Stored data entries:
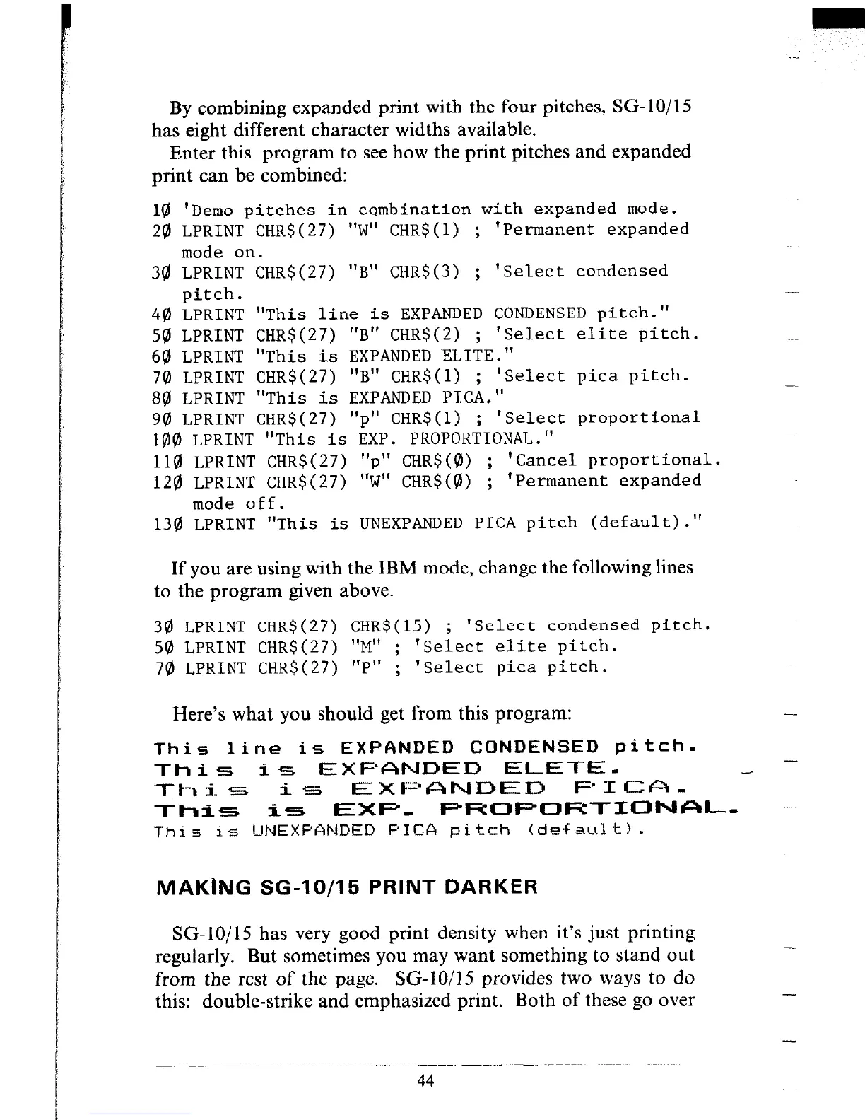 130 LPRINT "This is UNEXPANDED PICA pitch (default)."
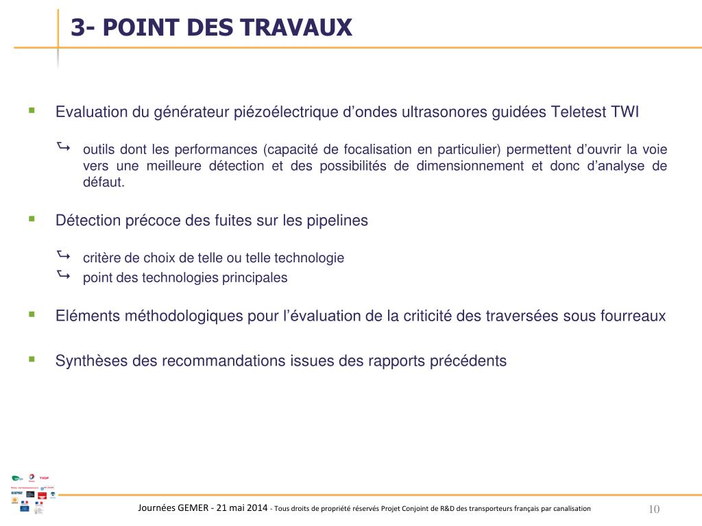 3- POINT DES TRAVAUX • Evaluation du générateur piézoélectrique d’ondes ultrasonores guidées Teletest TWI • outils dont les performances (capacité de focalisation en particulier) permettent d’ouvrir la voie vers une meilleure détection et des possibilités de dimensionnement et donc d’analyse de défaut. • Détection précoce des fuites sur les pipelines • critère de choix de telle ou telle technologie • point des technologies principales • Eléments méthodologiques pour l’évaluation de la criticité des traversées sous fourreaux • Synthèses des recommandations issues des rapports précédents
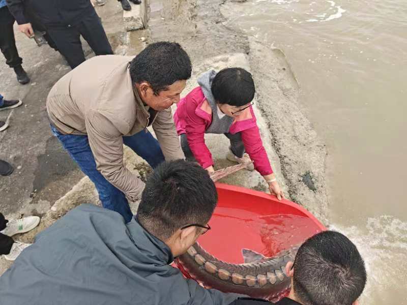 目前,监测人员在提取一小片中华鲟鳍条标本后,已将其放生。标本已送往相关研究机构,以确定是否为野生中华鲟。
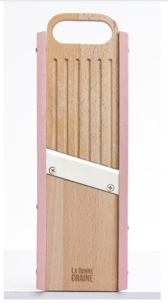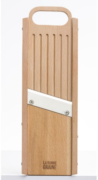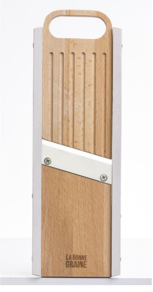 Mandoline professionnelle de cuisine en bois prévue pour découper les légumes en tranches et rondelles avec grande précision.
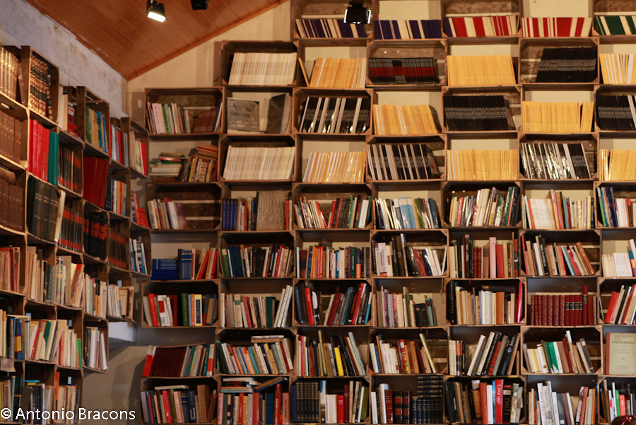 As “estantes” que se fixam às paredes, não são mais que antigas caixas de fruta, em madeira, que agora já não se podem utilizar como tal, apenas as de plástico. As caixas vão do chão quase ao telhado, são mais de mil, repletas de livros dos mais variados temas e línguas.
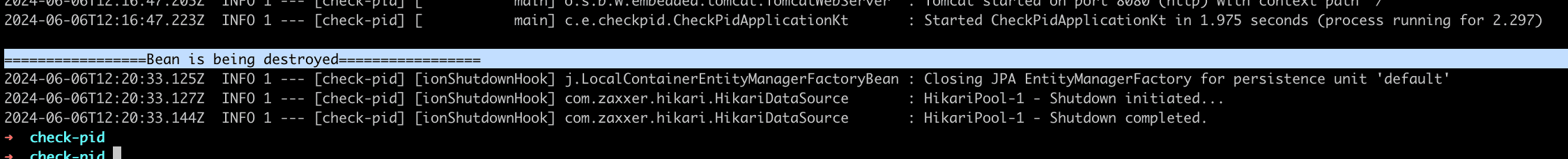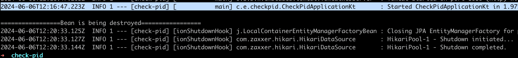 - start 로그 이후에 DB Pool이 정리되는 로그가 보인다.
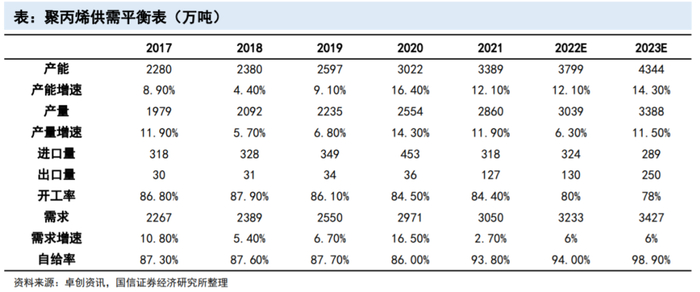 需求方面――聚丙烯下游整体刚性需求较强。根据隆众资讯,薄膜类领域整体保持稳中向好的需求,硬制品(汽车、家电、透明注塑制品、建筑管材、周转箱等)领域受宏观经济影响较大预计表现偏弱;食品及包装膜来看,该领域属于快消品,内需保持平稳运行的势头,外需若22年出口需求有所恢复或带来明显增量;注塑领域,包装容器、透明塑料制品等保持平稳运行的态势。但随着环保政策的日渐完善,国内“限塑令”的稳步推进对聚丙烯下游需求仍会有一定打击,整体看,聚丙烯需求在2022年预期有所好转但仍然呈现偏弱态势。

---

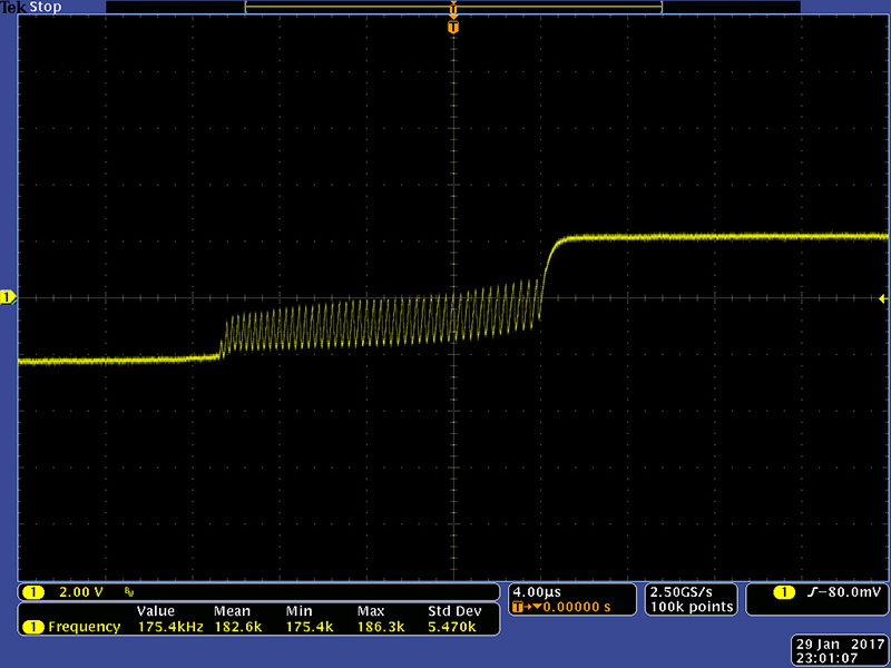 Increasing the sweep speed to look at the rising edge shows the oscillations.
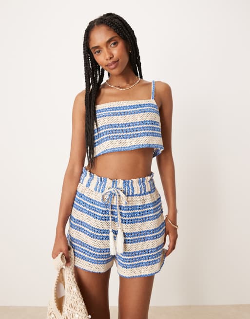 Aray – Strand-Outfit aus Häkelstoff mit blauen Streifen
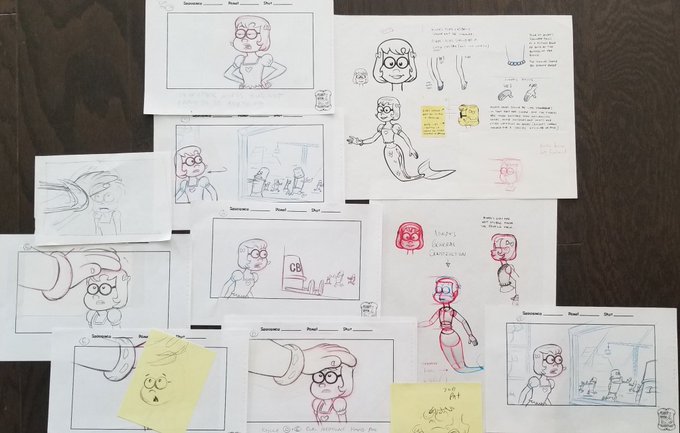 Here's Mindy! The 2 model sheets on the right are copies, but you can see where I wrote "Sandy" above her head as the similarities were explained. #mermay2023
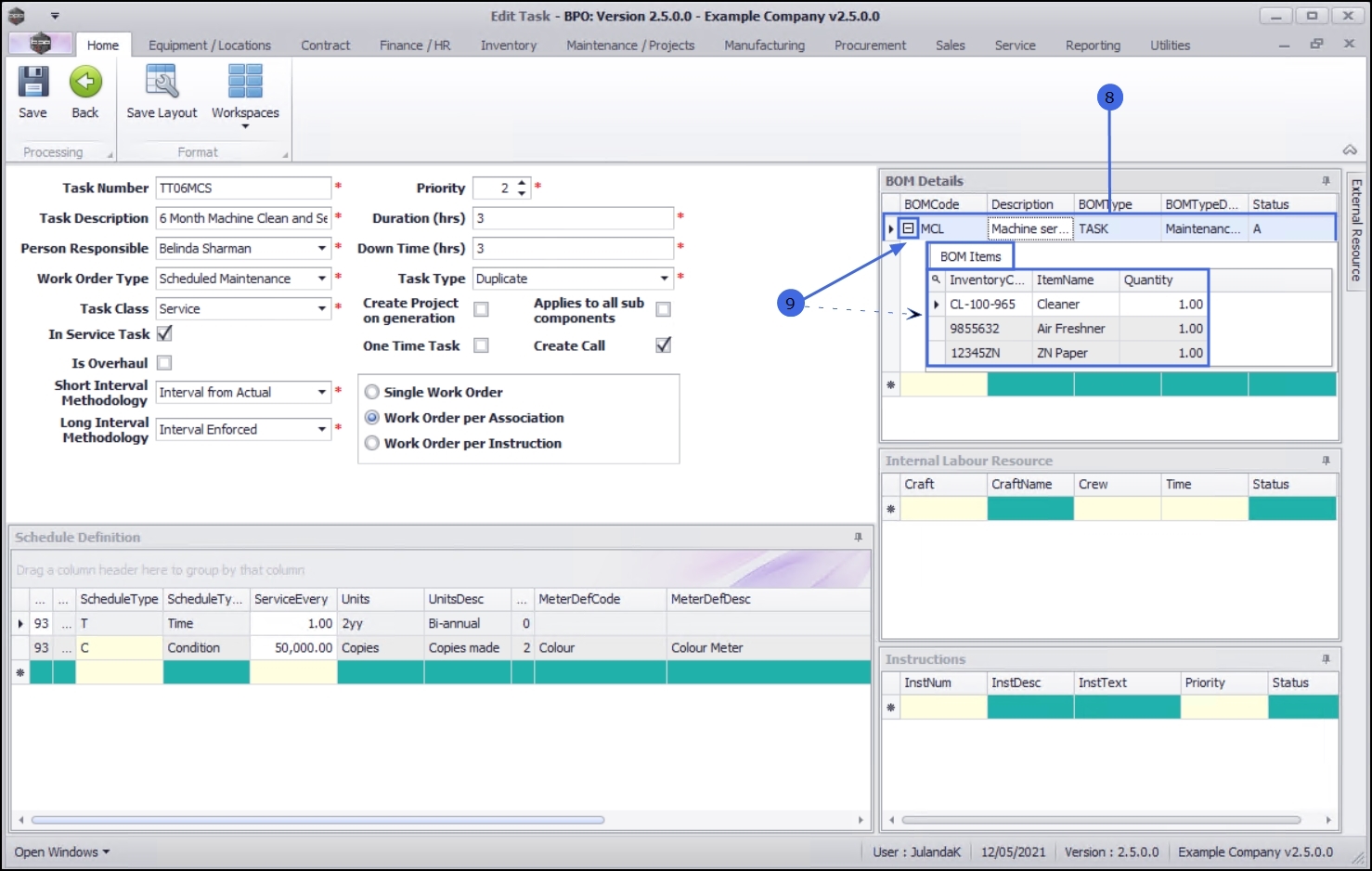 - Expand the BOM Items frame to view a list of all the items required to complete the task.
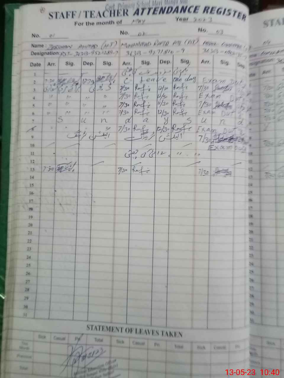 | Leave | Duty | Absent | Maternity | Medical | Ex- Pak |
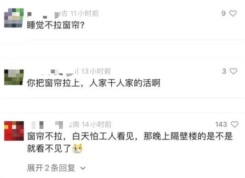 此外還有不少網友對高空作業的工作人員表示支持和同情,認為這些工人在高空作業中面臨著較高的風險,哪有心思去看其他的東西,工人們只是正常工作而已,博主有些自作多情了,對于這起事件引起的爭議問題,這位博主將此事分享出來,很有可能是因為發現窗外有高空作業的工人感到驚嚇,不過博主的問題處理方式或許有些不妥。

PROBLEM TO SOLVE:
Nothing but the lines above, starting at the line that contains "is UNEXPANDED PICA" and ending at the line that contains "目前,监测人员在提取一小片中", should be given again, exactly and without the pictures.

YOUR RESPONSE:
 130 LPRINT "This is UNEXPANDED PICA pitch (default)."
 3- POINT DES TRAVAUX • Evaluation du générateur piézoélectrique d’ondes ultrasonores guidées Teletest TWI • outils dont les performances (capacité de focalisation en particulier) permettent d’ouvrir la voie vers une meilleure détection et des possibilités de dimensionnement et donc d’analyse de défaut. • Détection précoce des fuites sur les pipelines • critère de choix de telle ou telle technologie • point des technologies principales • Eléments méthodologiques pour l’évaluation de la criticité des traversées sous fourreaux • Synthèses des recommandations issues des rapports précédents
 目前,监测人员在提取一小片中华鲟鳍条标本后,已将其放生。标本已送往相关研究机构,以确定是否为野生中华鲟。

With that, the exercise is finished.